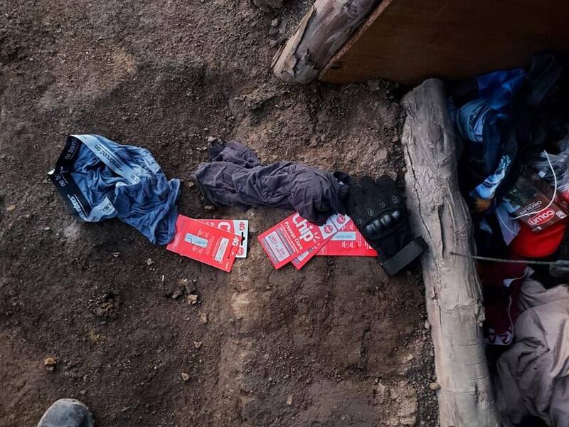 Allí, como se aprecia en las fotografías, la policía encontró chips de celulares, ropa y elementos de supervivencia.
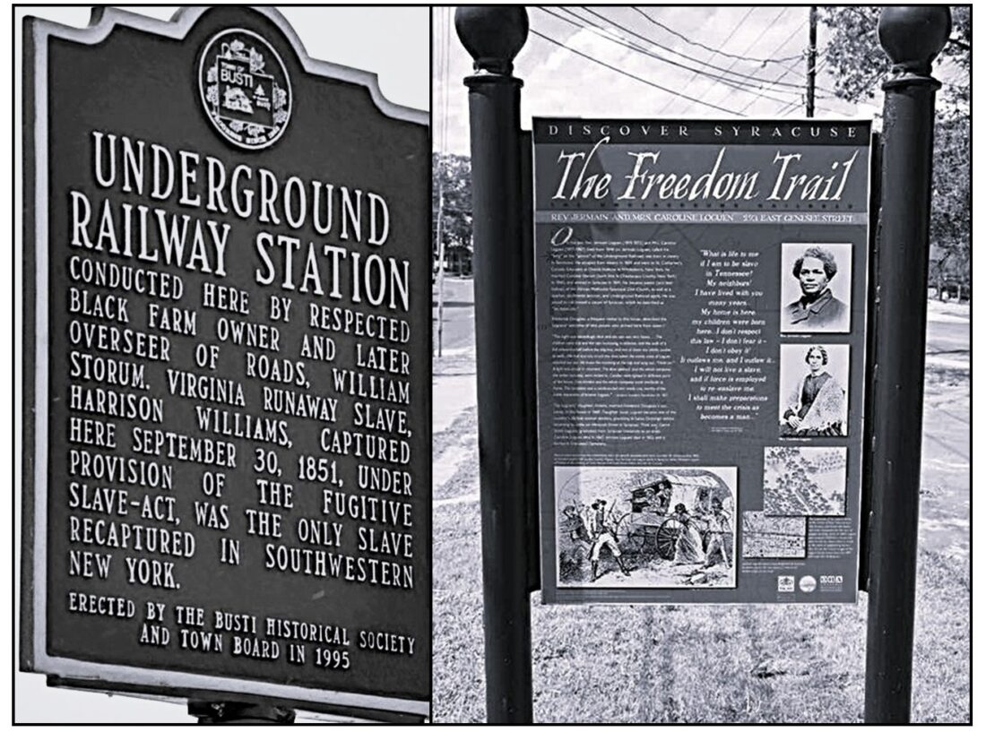 From left: The Storum/Williams marker in Busti NY; the Jermaine and Carolyn Loguen marker in Syracuse NY.
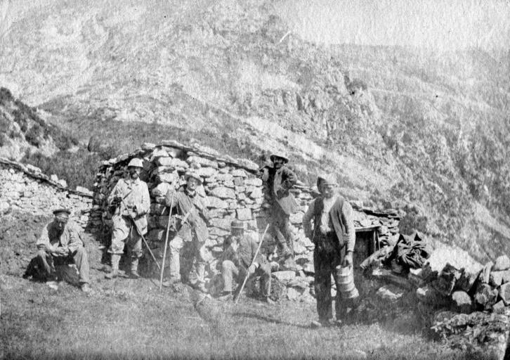 | Keywords: monochrome blackandwhite outdoor black and white Fonds Trutat - Photographie ancienne Cote : TRU B 257 Localisation : Fonds ancien (S 30) Original non communicable Titre : Cabane de berger, Saleich [Saleix], 17 juillet 1882 Auteur : Trutat, Eugène Rôle de l’auteur : Photographe Lieu de création : Vicdessos (Ariège ; canton) Date de création : 1882 Mesures : : 13 x 18 cm Observations : Notes manuscrites Trutat : "Obj[ectif] hémisph[érique] rapide ; papier Morgan ; B 192". Mot(s)-clé(s) : -- Montagne -- Rocher -- Végétation -- Refuge (montagne) -- Cabane -- Pierre -- Groupe -- Homme -- Costume masculin -- Chapeau -- Randonnée pédestre -- Bâton (marche) -- Muret -- Versant rocheux -- Eté -- Berger -- Saleix (Ariège) -- Auzat (Ariège) -- Vicdessos (Ariège ; canton) -- Vicdessos (France ; vallée) -- Pyrénées (France) -- Saleix, Col de (France) -- 19e siècle, 4e quart Médium : Photographies -- Négatifs sur papier -- Noir et blanc -- Morgan -- Paysages -- Portraits de groupe Voir : TRU B 252 Saleich [Saleix], avec Regnault, au-dessus de TRU B 253 Col de Saleich [Saleix], cabane de berger, 17 TRU B 256 Berger occupé à traire une vache ( M. Cochet), col TRU B 258 Cabane de berger, Saleich [Saleix], 17 juillet TRU B 259 Cabane de berger, col de Saleich [Saleix], numerique.bibliotheque.toulouse.fr/cgi-bin/library?c=phot... Bibliothèque de Toulouse. Domaine public Fonds Trutat - Photographie ancienne Cote : TRU B 257 Localisation : Fonds ancien (S 30) Original non communicable Titre : Cabane de berger, Saleich [Saleix], 17 juillet 1882 Auteur : Trutat, Eugène Rôle de l’auteur : Photographe Lieu de création : Vicdessos (Ariège ; canton) Date de création : 1882 Mesures : : 13 x 18 cm Observations : Notes manuscrites Trutat : "Obj[ectif] hémisph[érique] rapide ; papier Morgan ; B 192". Mot(s)-clé(s) : -- Montagne -- Rocher -- Végétation -- Refuge (montagne) -- Cabane -- Pierre -- Groupe -- Homme -- Costume masculin -- Chapeau -- Randonnée pédestre -- Bâton (marche) -- Muret -- Versant rocheux -- Eté -- Berger -- Saleix (Ariège) -- Auzat (Ariège) -- Vicdessos (Ariège ; canton) -- Vicdessos (France ; vallée) -- Pyrénées (France) -- Saleix, Col de (France) -- 19e siècle, 4e quart Médium : Photographies -- Négatifs sur papier -- Noir et blanc -- Morgan -- Paysages -- Portraits de groupe Voir : TRU B 252 Saleich [Saleix], avec Regnault, au-dessus de TRU B 253 Col de Saleich [Saleix], cabane de berger, 17 TRU B 256 Berger occupé à traire une vache ( M. Cochet), col TRU B 258 Cabane de berger, Saleich [Saleix], 17 juillet TRU B 259 Cabane de berger, col de Saleich [Saleix], numerique.bibliotheque.toulouse.fr/cgi-bin/library?c=phot... Bibliothèque de Toulouse. Domaine public |
──────────────────────────────
Problem description
In your copy, omit the pictures and restate every line of the data word for word.

Task response
 Allí, como se aprecia en las fotografías, la policía encontró chips de celulares, ropa y elementos de supervivencia.
 From left: The Storum/Williams marker in Busti NY; the Jermaine and Carolyn Loguen marker in Syracuse NY.
 | Keywords: monochrome blackandwhite outdoor black and white Fonds Trutat - Photographie ancienne Cote : TRU B 257 Localisation : Fonds ancien (S 30) Original non communicable Titre : Cabane de berger, Saleich [Saleix], 17 juillet 1882 Auteur : Trutat, Eugène Rôle de l’auteur : Photographe Lieu de création : Vicdessos (Ariège ; canton) Date de création : 1882 Mesures : : 13 x 18 cm Observations : Notes manuscrites Trutat : "Obj[ectif] hémisph[érique] rapide ; papier Morgan ; B 192". Mot(s)-clé(s) : -- Montagne -- Rocher -- Végétation -- Refuge (montagne) -- Cabane -- Pierre -- Groupe -- Homme -- Costume masculin -- Chapeau -- Randonnée pédestre -- Bâton (marche) -- Muret -- Versant rocheux -- Eté -- Berger -- Saleix (Ariège) -- Auzat (Ariège) -- Vicdessos (Ariège ; canton) -- Vicdessos (France ; vallée) -- Pyrénées (France) -- Saleix, Col de (France) -- 19e siècle, 4e quart Médium : Photographies -- Négatifs sur papier -- Noir et blanc -- Morgan -- Paysages -- Portraits de groupe Voir : TRU B 252 Saleich [Saleix], avec Regnault, au-dessus de TRU B 253 Col de Saleich [Saleix], cabane de berger, 17 TRU B 256 Berger occupé à traire une vache ( M. Cochet), col TRU B 258 Cabane de berger, Saleich [Saleix], 17 juillet TRU B 259 Cabane de berger, col de Saleich [Saleix], numerique.bibliotheque.toulouse.fr/cgi-bin/library?c=phot... Bibliothèque de Toulouse. Domaine public Fonds Trutat - Photographie ancienne Cote : TRU B 257 Localisation : Fonds ancien (S 30) Original non communicable Titre : Cabane de berger, Saleich [Saleix], 17 juillet 1882 Auteur : Trutat, Eugène Rôle de l’auteur : Photographe Lieu de création : Vicdessos (Ariège ; canton) Date de création : 1882 Mesures : : 13 x 18 cm Observations : Notes manuscrites Trutat : "Obj[ectif] hémisph[érique] rapide ; papier Morgan ; B 192". Mot(s)-clé(s) : -- Montagne -- Rocher -- Végétation -- Refuge (montagne) -- Cabane -- Pierre -- Groupe -- Homme -- Costume masculin -- Chapeau -- Randonnée pédestre -- Bâton (marche) -- Muret -- Versant rocheux -- Eté -- Berger -- Saleix (Ariège) -- Auzat (Ariège) -- Vicdessos (Ariège ; canton) -- Vicdessos (France ; vallée) -- Pyrénées (France) -- Saleix, Col de (France) -- 19e siècle, 4e quart Médium : Photographies -- Négatifs sur papier -- Noir et blanc -- Morgan -- Paysages -- Portraits de groupe Voir : TRU B 252 Saleich [Saleix], avec Regnault, au-dessus de TRU B 253 Col de Saleich [Saleix], cabane de berger, 17 TRU B 256 Berger occupé à traire une vache ( M. Cochet), col TRU B 258 Cabane de berger, Saleich [Saleix], 17 juillet TRU B 259 Cabane de berger, col de Saleich [Saleix], numerique.bibliotheque.toulouse.fr/cgi-bin/library?c=phot... Bibliothèque de Toulouse. Domaine public |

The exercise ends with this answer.